Nothing
#' @title Goodness of fit of the mem
#'
#' @description
#' Function \code{memgoodness} calculates different indicators related to the goodness of the MEM
#' for detecting the epidemics, using data from the model and using all data in the original dataset.
#'
#' @name memgoodness
#'
#' @param i.data Data frame of input data.
#' @param i.seasons Maximum number of seasons to use.
#' @param i.type.threshold Type of confidence interval to calculate the threshold.
#' @param i.level.threshold Level of confidence interval to calculate the threshold.
#' @param i.tails.threshold Tails for the confidence interval to calculate the threshold.
#' @param i.type.intensity Type of confidence interval to calculate the intensity thresholds.

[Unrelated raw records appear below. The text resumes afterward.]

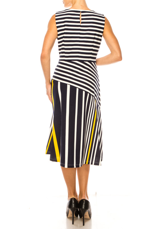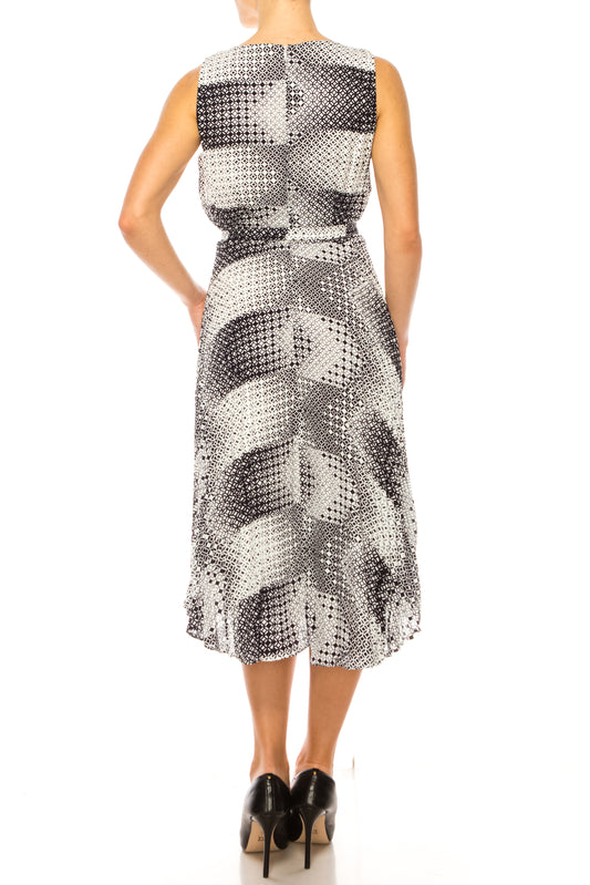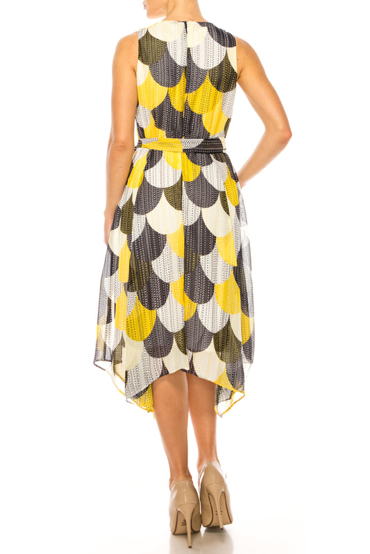 ILE Clothing Sleeveless Belted A-Line Print Dress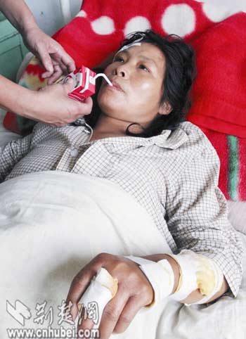 昨日,記者在新洲區陽邏衛生院見到,傷者魏秀林(女,44歲)的頭部、胸腹部、背部和四肢有十余處傷口,其中最長的達15厘米。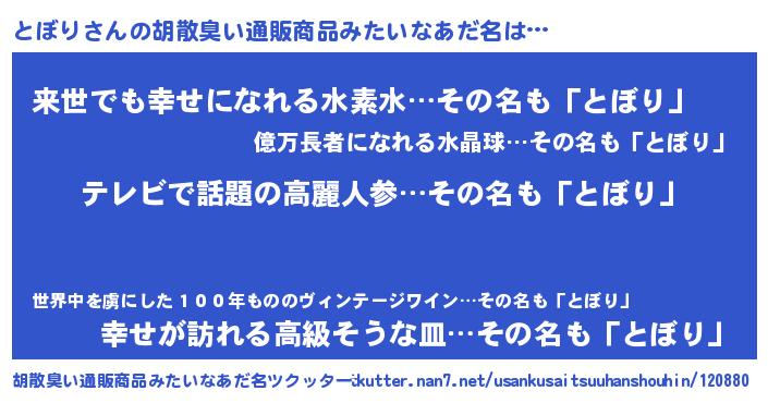 | ヒーロー風カッコイイあだ名 | 『サイバー戦士トボリ』『ネオトボリ』 |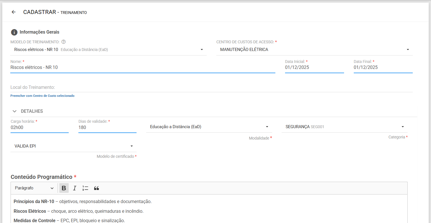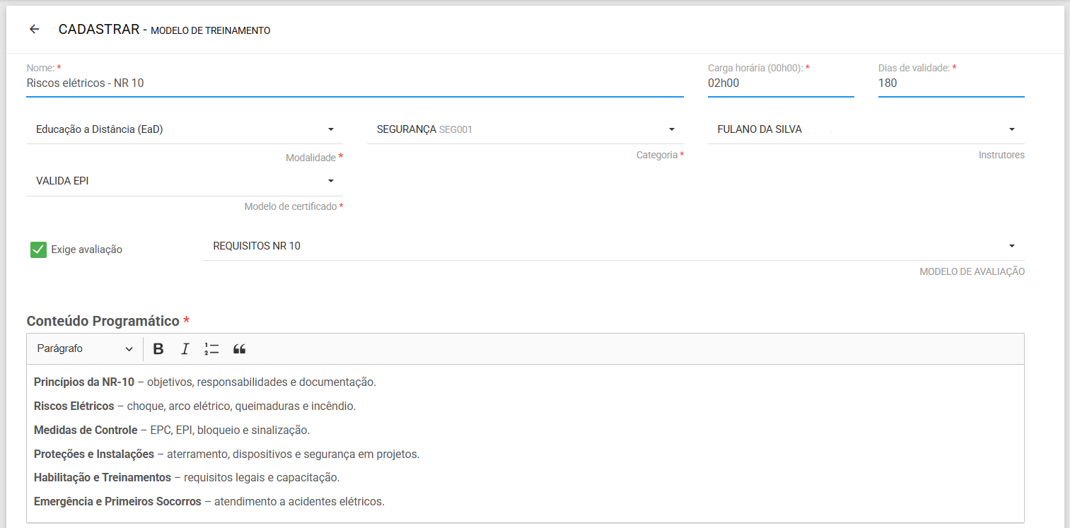 Informações como carga horária, dias de validade, e outros parâmetros, serão solicitadas. Inclusive, os outros quatro parâmetros que serão cadastrado nesse módulo (categoria, instrutor, avaliação e e certificado) podem e serão utilizados no cadastro de Modelo de Treinamento.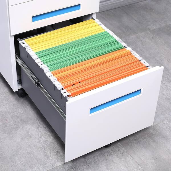 15.3 in. W x 17.7 in. D x 23.62 in. H White Rolling Lockable Linen Cabinet with 3-Drawers and Wheels for Legal Size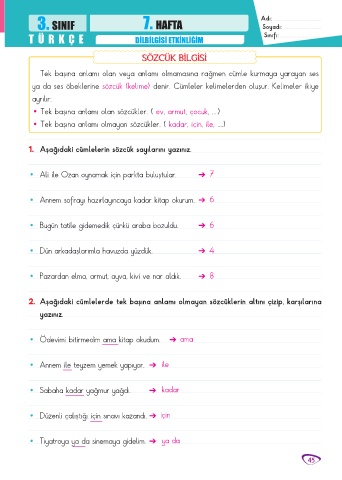 1. Aşağıdaki cümlelerin sözcük sayılarını yazınız.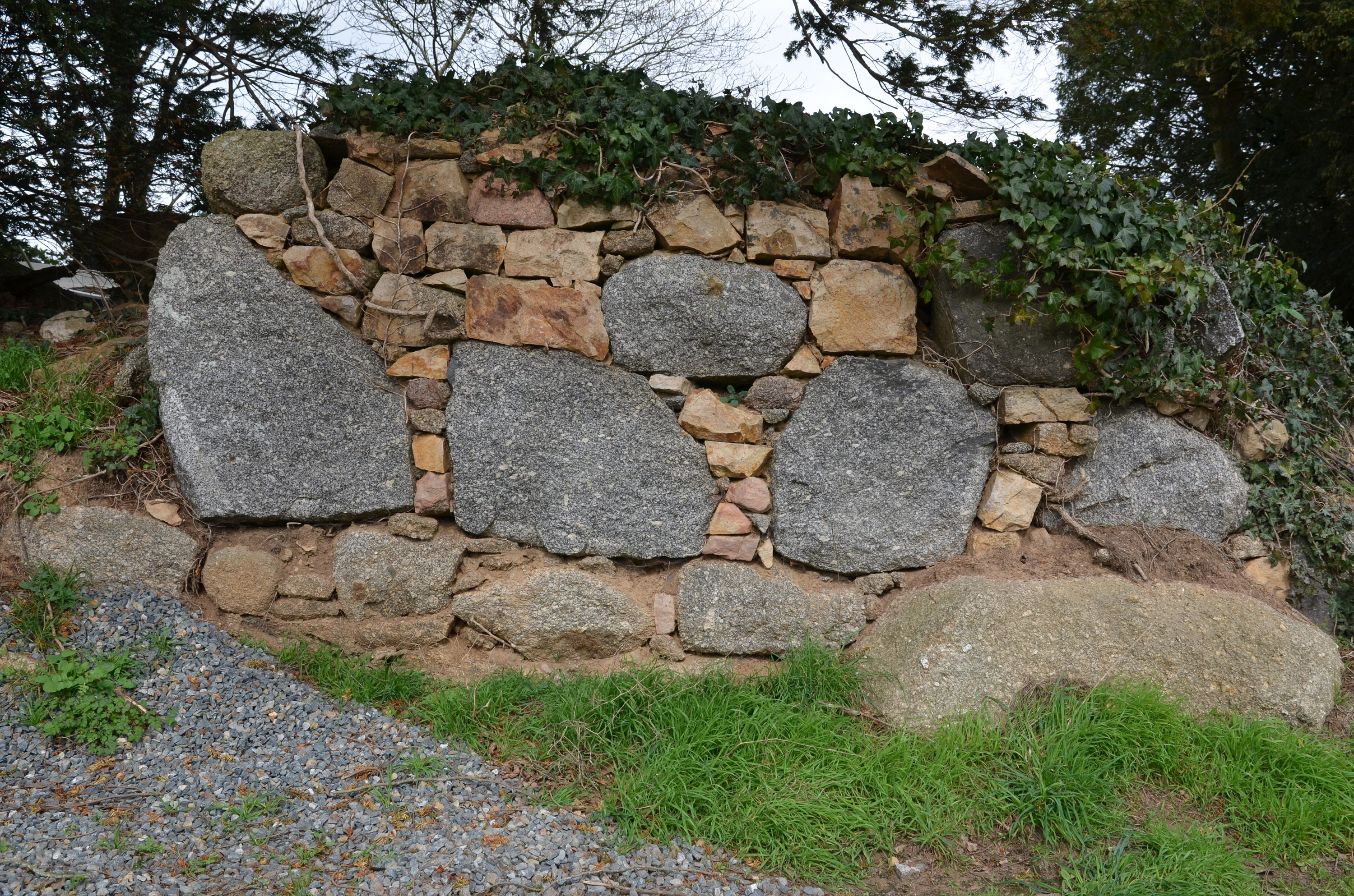 Ploubezre, Capikern : parement de mur de talus utilisant de gros blocs de granite et remplissage des vides en moellonsImmatriculation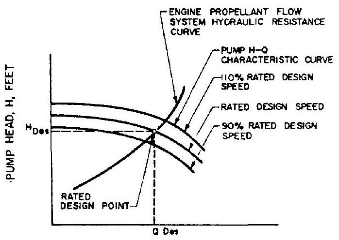 The required pump developed head at the design propellant flow rate (i.e., engine thrust level) is dictated by the sum of the hydraulic resistances within the engine propellant flow system. These resistances include the pressure drops across injector, thrust chamber manifold, cooling jacket, propellant valves and ducts, as well as the injector end thrust chamber pressure. An additional pressure margin is usually allowed for systems calibration. An engine propellant flow system hydraulic resistance curve representing the resistance head to flow-rate relationship at various pump operating levels is shown in figure 6-19.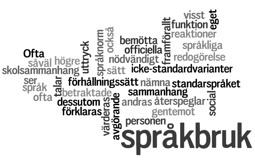 Jag brukar använda wordle på olika sätt, och eleverna tycker ofta det är roligt att prova detta i samband med skrivande. I detta verktyg klistrar man helt enkelt in en liten eller större textmassa och så omvandlas detta till ett ordmoln där ord som förekommer flera gånger blir större. I följande exempel har vi jämfört en elevtext i Svenska 1 med en utdrag ur en C-uppsats om språkförändring som jag hittade på DIVA – Digitala vetenskapliga arkivet. Det brukar bli intressanta diskussioner när de kommer igång och jämför varandras texter, eller jämför sina egna olika texter som de har sparat i sina portföljer. Det är ett sätt att komma åt ord som överanvänds, men också att få syn på vilka ordklasser som finns representerade och hur språket ser olika ut i olika texttyper.
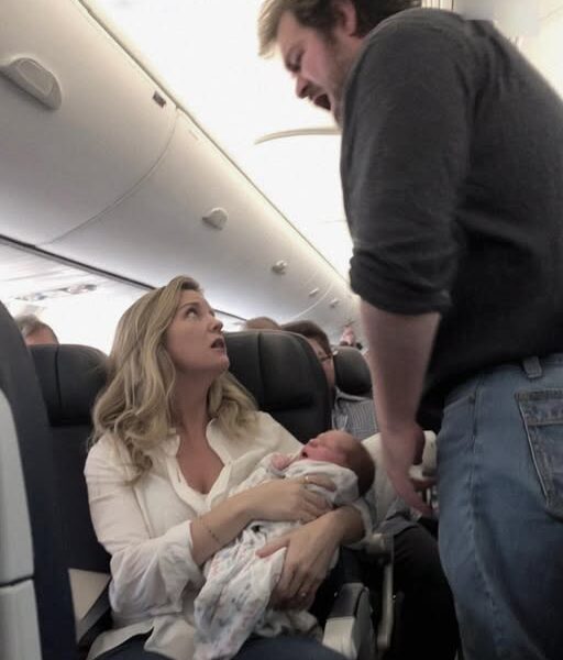 I was struggling with my crying baby on a crowded flight when a rude man told me to lock myself in the restroom with my child until we landed. Only one kind stranger noticed my humiliation and stepped in. The bully had no idea who this man was… or what he was capable of.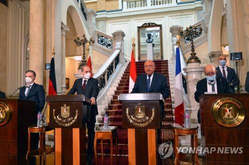 epa08931420 Egyptian Minister of Foreign Affairs Sameh Shoukry (2-R) holds a press conference alongside Jordan's Minister of Foreign Affairs Ayman Safadi (2-L), France's Foreign Affairs Minister Jean-Yves Le Drian (R) and Gernman Minister of Foreign Affairs Heiko Maas (L) at Tahrir palace, in Cairo, Egypt, 11 January 2021. The meeting is aimed at renewing the peace effort at the region, in order to reach a peaceful settlement to the Palestinian-Israeli conflict on the basis of the two-state solution. EPA/STR
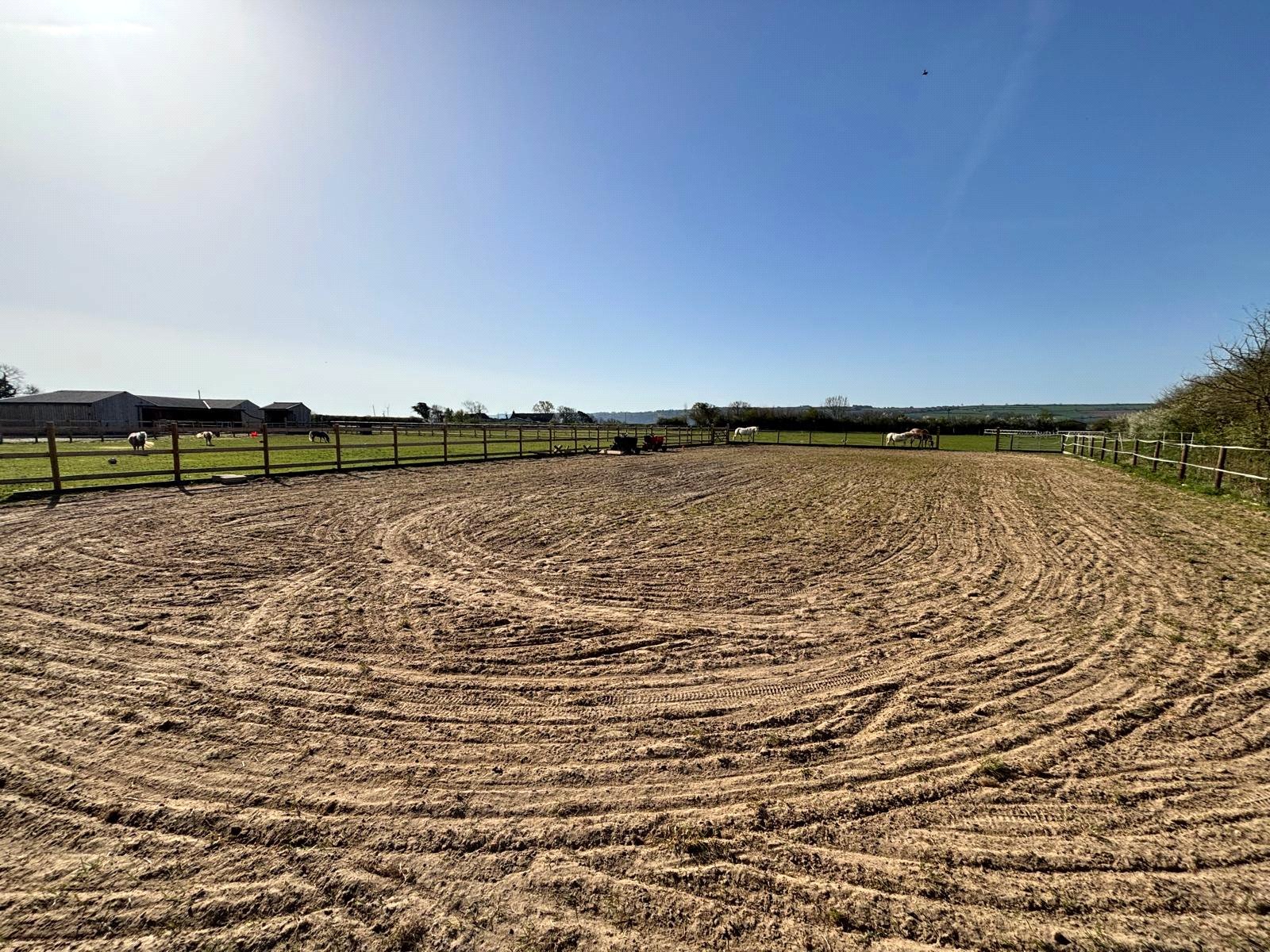 In addition, the property benefits from a 40m x 20m sand school, together with field shelters and associated ancillary facilities, making it well suited for private equestrian or leisure use. A static caravan is also located on site, providing basic welfare facilities including a WC and kitchenette. The land is enclosed by a combination of post and rail fencing and established boundaries and enjoys open views over the surrounding countryside. The yard and entrance are served by CCTV and security lighting, providing an added level of security and practicality for day-to-day use.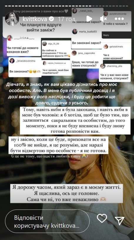"Девочки, я знаю, как вам интересно узнать о моем личном. Но у меня был публичный опыт, и я до сих пор разгребаю его последствия... Поэтому, даже если бы я была влюблена и у меня был бы мужчина, то хотела бы, чтобы это осталось тем сакральным и личным до того момента, пока не буду готова рассказать", – поделилась бывшая жена Добрынина.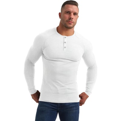 Men's Slim Fit Henley Shirt Long&Short Business Sleeve Casual 3 Metal Buton Placket Casual Stylish T-Shirt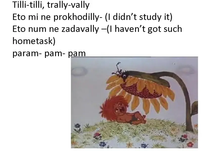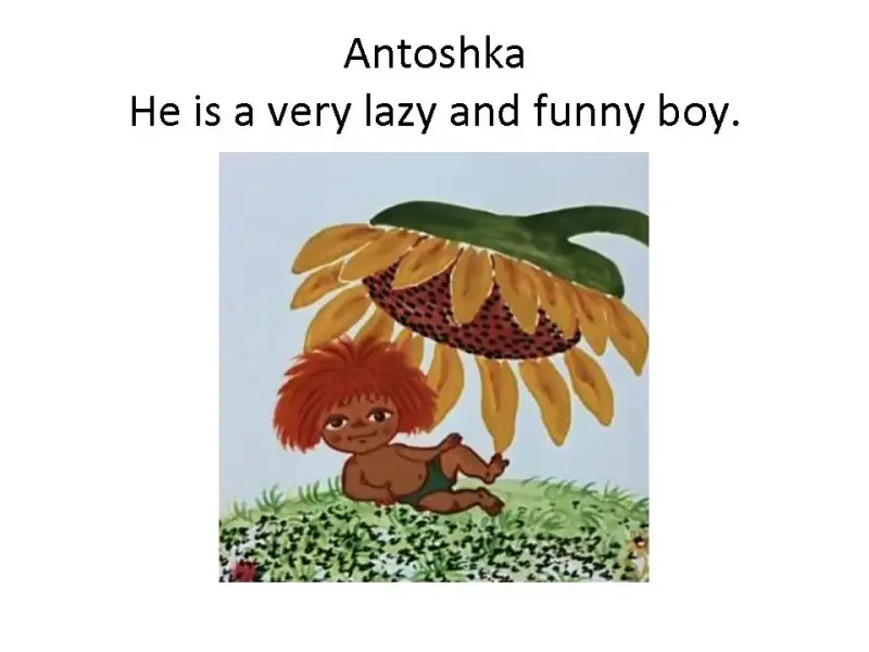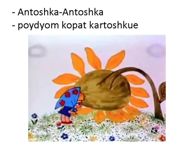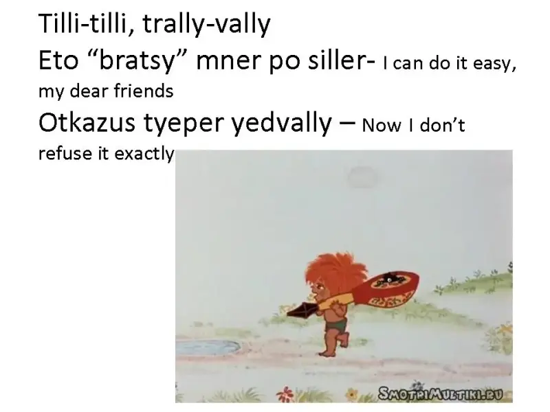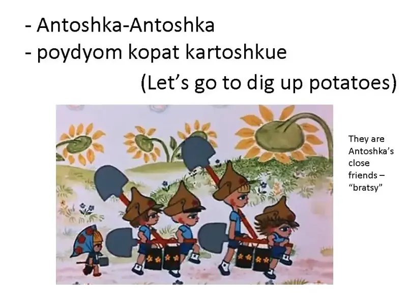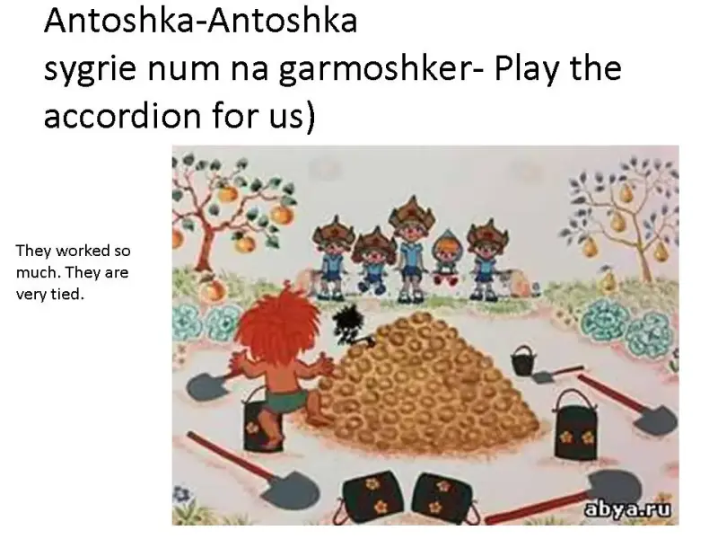 Чтобы заинтересовать шотландских школьников в общении с русскими детьми, необходимо было очень хорошо подготовиться. А именно, использовать весь свой накопленный опыт и знания. Я подготовила для разучивания с шотландскими детьми смешную русскую песенку «Антошка», наглядную презентацию со значением русских фраз и слов из песни (презентация 1), мультфильм «Антошка» (1969, режиссер - Леонид Носырев, композитор - Владимир Шаинский, автор песни - Юрий Энтин), игрушечные атрибуты этой песенки: лопатки, деревянную расписную ложку и музыкальный инструмент- гармошку и подобрала музыкальное сопровождение.

#' @param i.level.intensity Levels of confidence interval to calculate the intensity thresholds.
#' @param i.tails.intensity Tails for the confidence interval to calculate the threshold.
#' @param i.type.curve Type of confidence interval to calculate the modelled curve.
#' @param i.level.curve Level of confidence interval to calculate the modelled curve.
#' @param i.type.other Type of confidence interval to calculate length, start and percentages.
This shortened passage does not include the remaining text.